### [Available data]
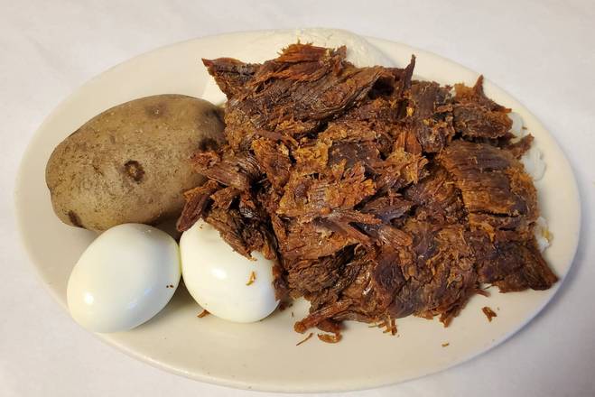 Shredded and seasoned beef jerky served with white corn, boiled potato, egg, and cheese. (Carne de res seca con maiz, papa, huevo duro y quesillo.).
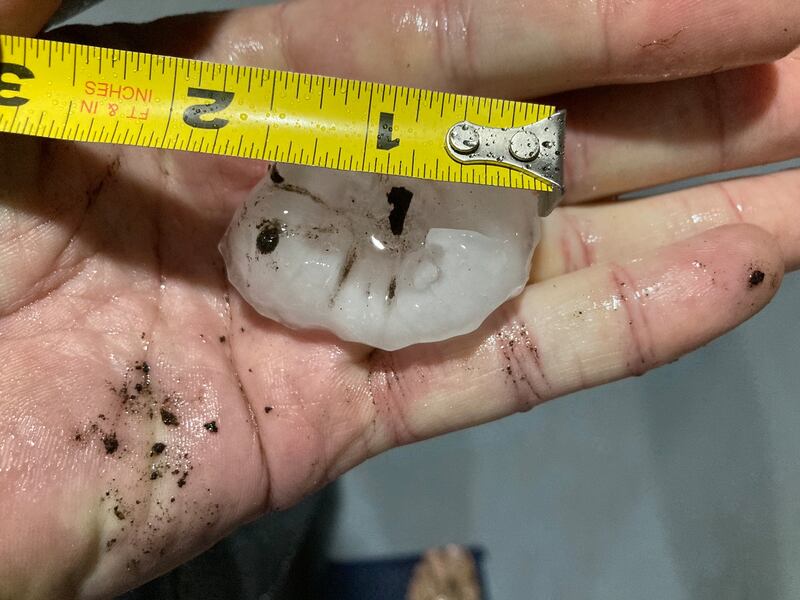 Hailstorm not fun! Almost two inches in diameter pic.twitter.com/sk2EaQDM60
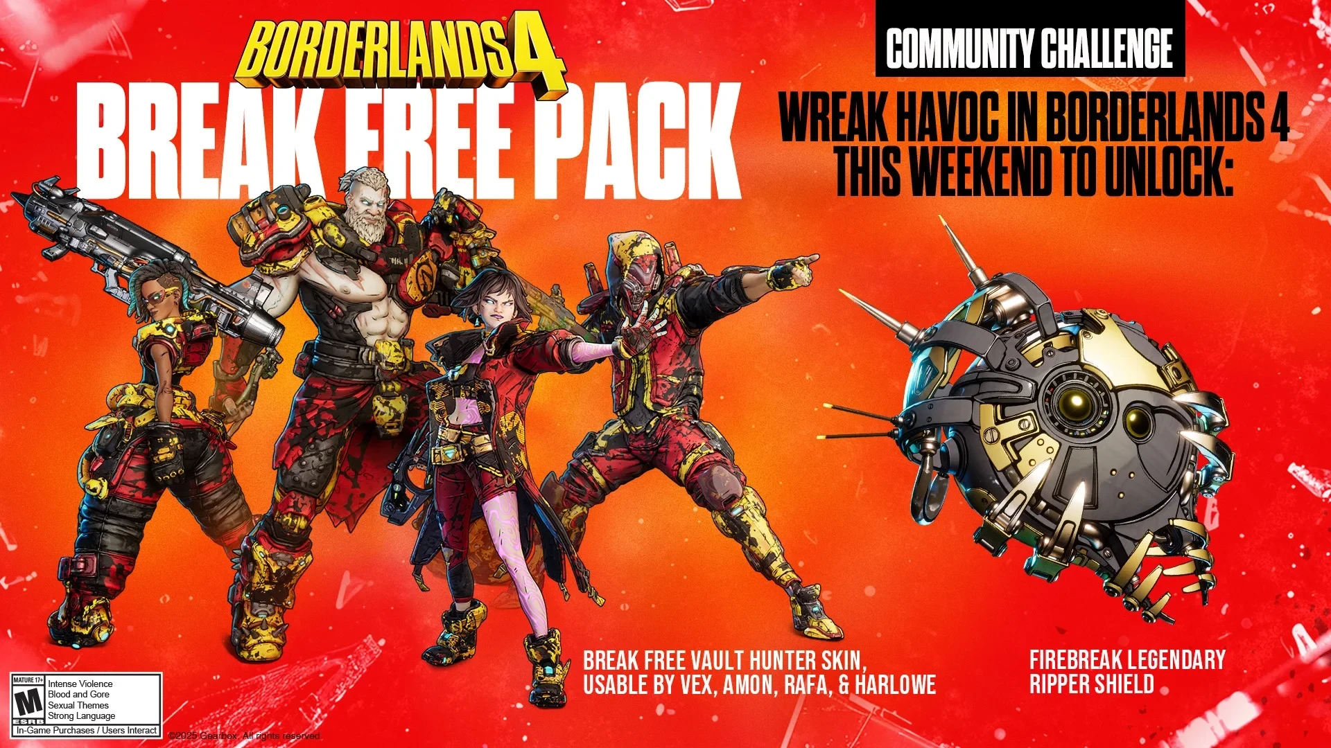 Дополнительной мотивацией зайти в Borderlands 4 для игроков станет бесплатный набор Break, состоящий из легендарного щита и скина для каждого Искателя Хранилища. Он будет поставляться в качестве кода активации, но лишь в том случае, если геймеры учинят «достаточно» беспредела на Кайросе в период с 12 по 14 сентября включительно. Разработчики будут отслеживать метрики.

### [Activity]
Return only the lines from the start of the data through the line that contains "Hailstorm not fun!", please, copying them exactly and omitting all pictures.

### [Task output]
 Shredded and seasoned beef jerky served with white corn, boiled potato, egg, and cheese. (Carne de res seca con maiz, papa, huevo duro y quesillo.).
 Hailstorm not fun! Almost two inches in diameter pic.twitter.com/sk2EaQDM60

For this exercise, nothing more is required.